Exor gross NAV (first semester)

Exor’s gross net asset value (first half (Exor’s corporate website))

Before analyzing the performance of the second quarter, it should be mentioned that Exor will exit the Italian Stock Exchange and align the company’s stock exchange with its Dutch legal holding structure. Thus, the delisting of Piazza Affari is expected at the end of September, precisely on the 27th. On the other hand, the listing on the Amsterdam Stock Exchange has been planned since mid-August.

Commentary on half-year performance

Starting from the bottom, the Dutch holding company posted a net profit of 265 million euros against 838 million euros a year earlier. Behind the net drop of almost 70%, hide the unrealized capital losses of the bond portfolio of PartnerRe which amount to around 1 billion euros. This negative result was only partially offset by the good performance of the Ferrari and Stellantis subsidiaries. The balance sheet appears even more alarming if we consider that the profit recorded in the first half of 2021 included a non-recurring loss of 507 million euros resulting from the deconsolidation of the former FCA, following the merger with PSA. Debt increased by 15% compared to year-end results. This was due to various reasons: 1) payment of 746 million euros to the Italian tax authorities, 2) new investments, 3) payment of a dividend of approximately 100 million euros, and 4) ongoing share buyback for an additional 100 million euros. This was partially offset by the dividend received. Even though Juventus represents only a tiny part of Exor’s portfolio, the football club closed the half-year performance in negative territory (-119 million euros) and the management expects a worse result in the second. semester.

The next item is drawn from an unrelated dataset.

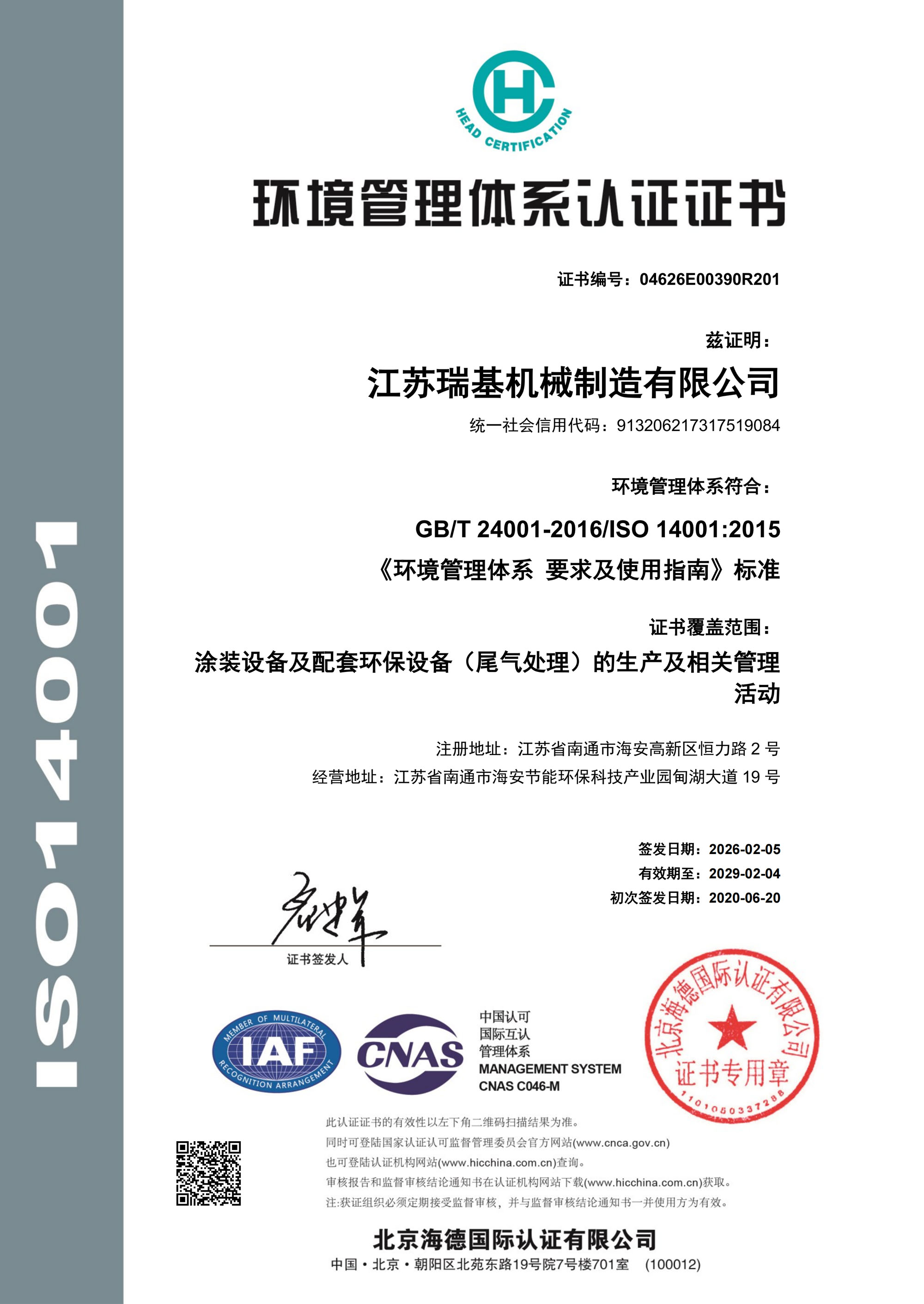 環(huán)境管理體系認(rèn)證證書

In total, the NAV is down 17% compared to the year-end results, reaching 25.5 billion euros against 31 billion euros recorded at the end of last year.

Evolution Exor NAV

Change in net asset value of Exor (change in net asset value per share)

Conclusion and evaluation

The half-year figures only partially tell the truth. 2022 is an eventful year. Indeed, over the past few months, Exor has carried out a series of operations that will reshape the company’s portfolio. From the completion of the sale of PartnerRe, this positive capital gain will only be visible in the next quarter’s account, and it comes with a net gain of $3.2 billion. This money is already used to invest in big companies (like the main philosophy of Exor). Besides the recent healthcare investment, Exor acquired a minor stake in an Indian startup called Ultraviolette Automotive. This company develops electric motorcycles with a battery-powered moped. According to local media, after the capital increase, Exor will hold approximately 3.5% of Ultraviolette’s capital (for a total investment of $10 million), which suggests that its valuation exceeds $300 million. A high value for a startup still at zero in the revenue position, but justified by the great growth prospects of two-wheeled electric mobility in India (and also 65 thousand orders). Ultraviolette’s goal is to make electric motorcycles accessible to a wide audience of Indian consumers while maintaining high performance. As expected, Exor’s fund will be used by the company to increase production and finance expansion into foreign markets.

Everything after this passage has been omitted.